Tests live in `tests/` (integration style) — each file is a separate crate. Fixtures generated by `examples/create_*_fixtures.rs` into `test_data/`. If adding a new parser, add cases to `tests/parser_tests.rs` and `tests/parser_registration_test.rs` (the latter guards that `ParserRegistry::default()` actually includes it).

Performance tests in `tests/performance_test.rs` — targets documented in `PERFORMANCE_BENCHMARK_REPORT.md`.

## Conventions

- Errors: return `crate::core::Error` variants. Use `Error::UnsupportedFormat(mime)` when registry misses; `Error::CorruptedFile(msg)` for malformed input; `Error::PartialExtraction { message, partial_result }` when some content extracted before failure.
- Metadata: use `Metadata::set(key, MetadataValue::...)` with well-known keys (`title`, `author`, etc. — helpers on `Metadata`).

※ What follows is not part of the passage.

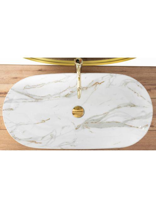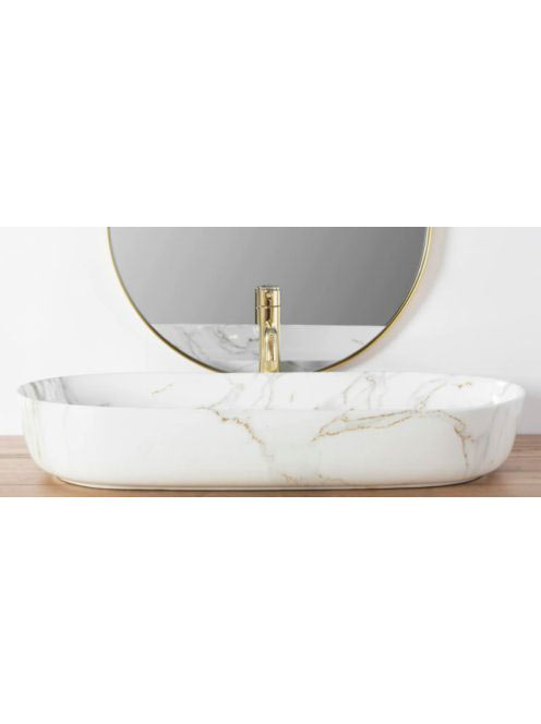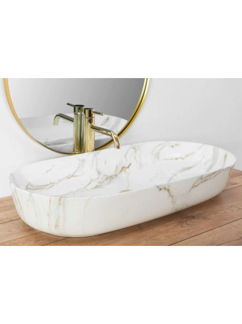 Rea Cleo pultra tehető kerámia mosdótál 81x41 cm, fehér kőminta REA-U8404

Format-specific keys (`sheet_count`, `slide_count`) are free-form strings.
- Confidence score must be populated on `ExtractionResult` — `Extractor` overwrites parser's value with detector's, so parsers can set any placeholder.

## Docs index

`README.md`, `SUPPORTED_FORMATS.md`, `CHANGELOG.md`, `RELEASE_NOTES_v0.2.0.md`, `PERFORMANCE_BENCHMARK_REPORT.md`, `PERFORMANCE_DOCUMENTATION_INDEX.md`, `examples/README.md`, `examples/WEB_SERVICE_GUIDE.md`.